***** Records *****

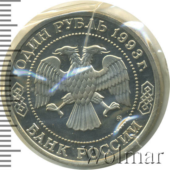 Вверху вдоль канта номинал «ОДИН РУБЛЬ» и год выпуска «1993 г.», внизу слова «БАНК РОССИИ». В середине двуглавый орел под ним справа монограмма монетного двора «ММД».
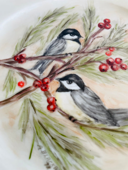 Edelstein Bavaria Maria-Theresia Germany Plate - Hand Painted with Chickadee Bird Winter Scene by A. Blackburn in 1978
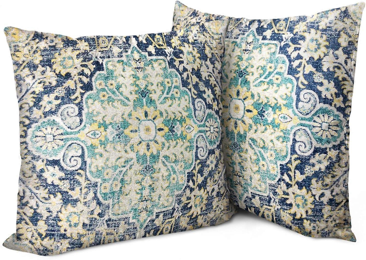 Boho Pillow Covers 18"x18" Set of 2 Vintage Carpet Blue Bohemian Throw Pillow Case Soft Square Decorative Pillowcases for Home Decor Sofa Car Living R
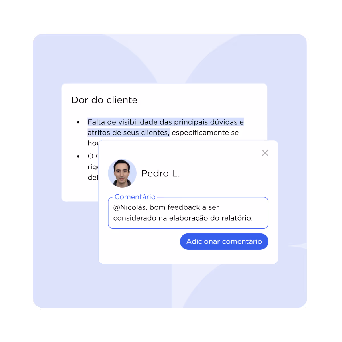 Você pode comentar e compartilhar o que aconteceu em cada conversa, para que sua equipe possa avançar em alinhamento e sem repetir esforços.
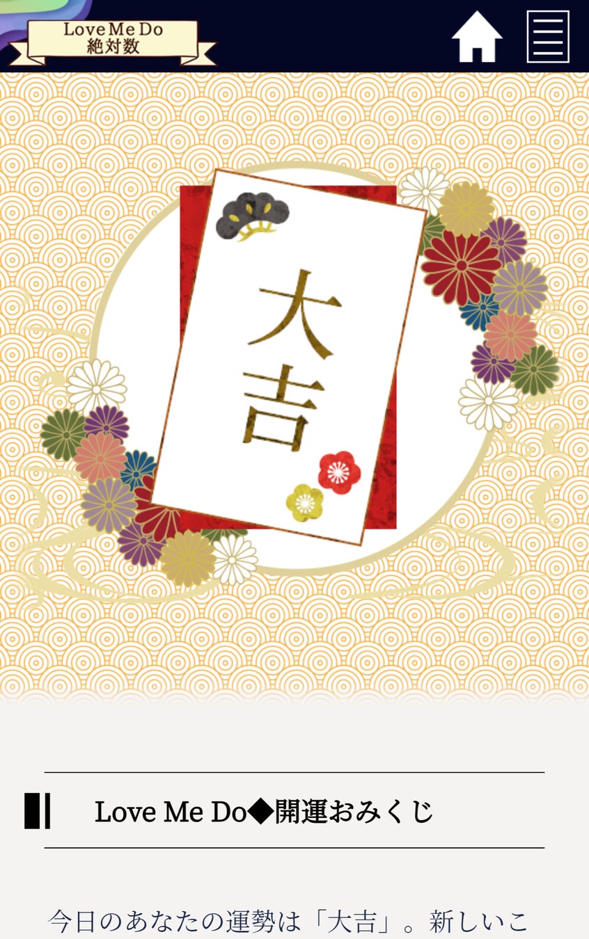 有名人の電撃婚や世界的なビッグニュースの予言を的中させて大人気の占い師Love Me Doの公式サイト『Love Me Do◆絶対数』にて、『ラブちゃんの開運おみくじ』の提供が開始されました。
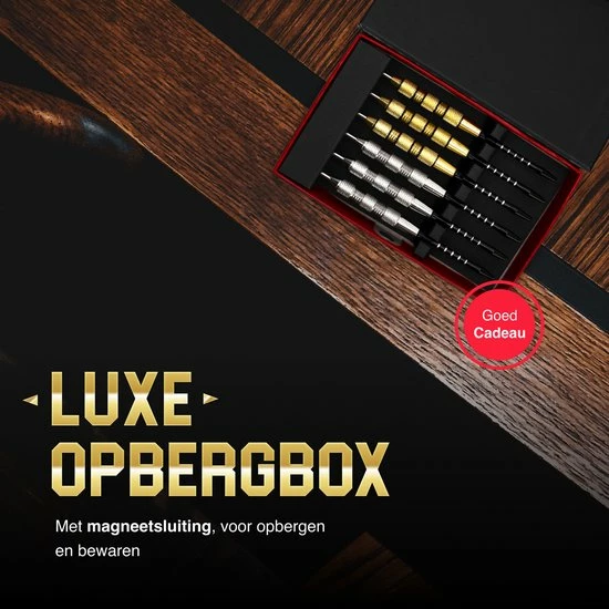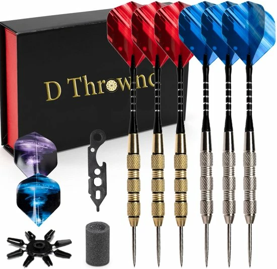 De D Thrownd Dartpijlen set is extra uitgebreid en van alles voorzien voor uren speelplezier. Zo til je spel naar een hoger niveau dankzij pijlen van een optimaal gewicht voor extra accurate worpen, en hou je je pijlen altijd scherp en spel klaar met de multifunctionele tool en sharpener. Ontkroon jij de huidige kampioen van je vriendengroep? Met deze set maak je zeker een goede kans!

*****

*What is expected:*
Restate the data word for word from its first line through the line with "有名人の電撃婚や世界的なビッグニュースの予言を的中させて大人気の占い師Love Me Doの公式サイト『Love", leaving out any picture along the way.

*Response area:*
 Вверху вдоль канта номинал «ОДИН РУБЛЬ» и год выпуска «1993 г.», внизу слова «БАНК РОССИИ». В середине двуглавый орел под ним справа монограмма монетного двора «ММД».
 Edelstein Bavaria Maria-Theresia Germany Plate - Hand Painted with Chickadee Bird Winter Scene by A. Blackburn in 1978
 Boho Pillow Covers 18"x18" Set of 2 Vintage Carpet Blue Bohemian Throw Pillow Case Soft Square Decorative Pillowcases for Home Decor Sofa Car Living R
 Você pode comentar e compartilhar o que aconteceu em cada conversa, para que sua equipe possa avançar em alinhamento e sem repetir esforços.
 有名人の電撃婚や世界的なビッグニュースの予言を的中させて大人気の占い師Love Me Doの公式サイト『Love Me Do◆絶対数』にて、『ラブちゃんの開運おみくじ』の提供が開始されました。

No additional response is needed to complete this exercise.